Jamba Juice and I ... we have an understanding.
And it is this: I go and pick something up from that establishment ... and at some point something goes wrong.
This is the way it's gone for as long as I can remember. You want proof? I present my case ...
For the last three years on or about the boss's birthday, "The Tradition" has been to trek over to a local Jamba Juice and pick up the drinks of choice for the entire office staff. Not a frequenter of the place, I've no idea what to get. Truth be told, the place is rather perplexing to me. Energy shots and protein powders and milk-fed wheat weeds and dollops of gordness knows what.
But ... I digress .....
Year One? The orders got all screwed up. Year Two? One hour wait ... and the drinks leaked all over the place on the way back to the office. Year Three .. this year?

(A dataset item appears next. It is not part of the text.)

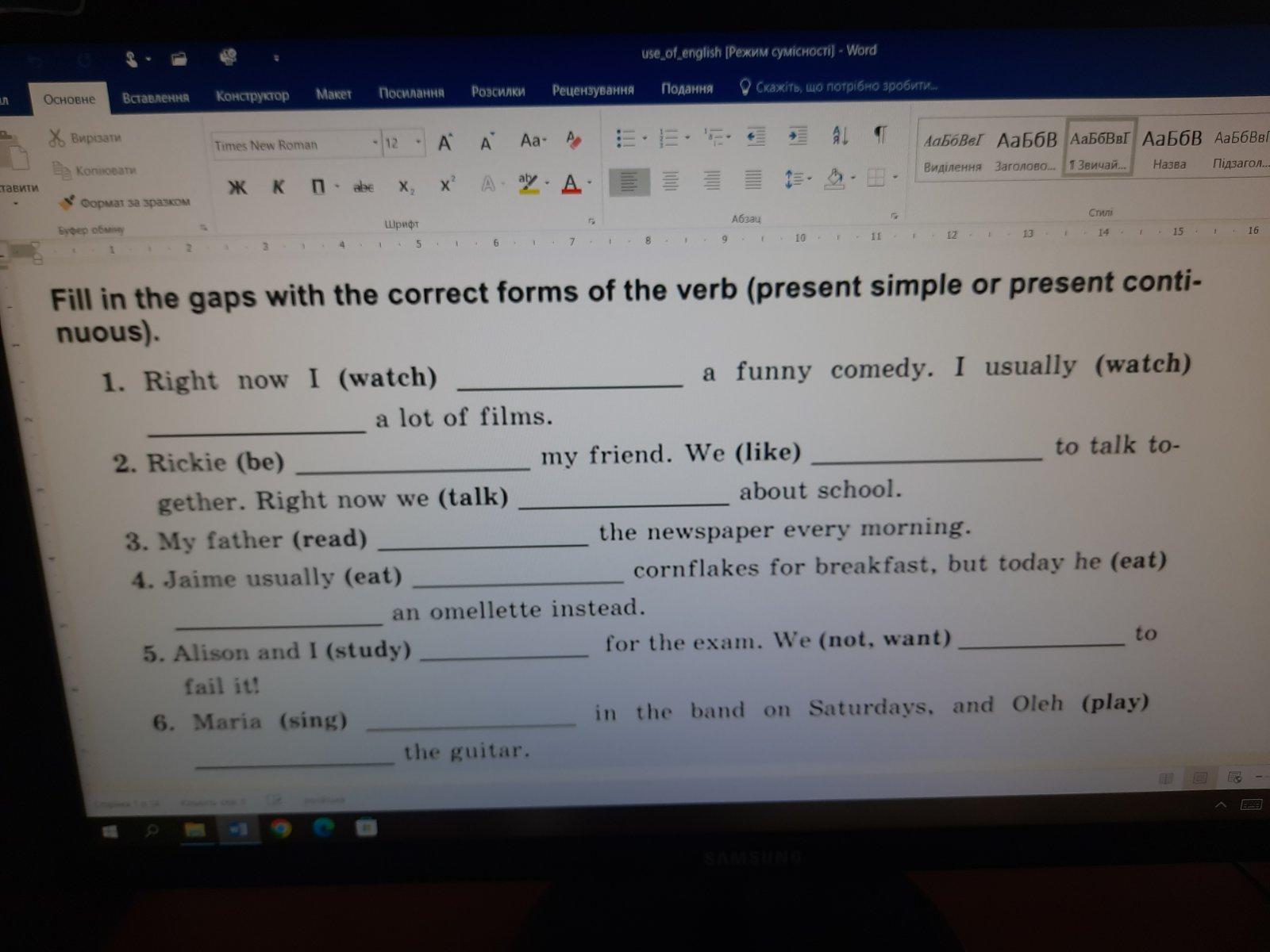 1. Right now, i watching a funny comedy. I usually watching a lot of films.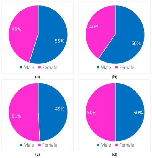 Incidence of accesses to the ED of the Annunziata Hospital of Cosenza for different sex in (a) 27 June–1 July (b) 9 July–13 July (c) 21 July–25 July (d) 31 July–10 August.

Well, things were going rather swimmingly for a bit. The boss was pleased with his refreshment ... his assistant dug the new "5 Fruit Frenzy" she ordered ... and my Tourette's-infused computer operator was enjoying some pomegranate concoction containing "monkey juice" or somesuch.
As I was leaving the office for the day, I spilled my barely-sipped drink all over the building entrance, causing peach flavor to decorate the entry in a drab orange spray pattern that probably would have thrilled a crime scene splatter expert.
Of the few times I've been to a Jamba Juice of my own accord (and when I say this I mean with friends or family) some other mishap has inevitably occurred.
You see: Jamba Juice and I ... we have an understanding:
I go there and the establishment exacts some sort of inexplicable revenge upon me .....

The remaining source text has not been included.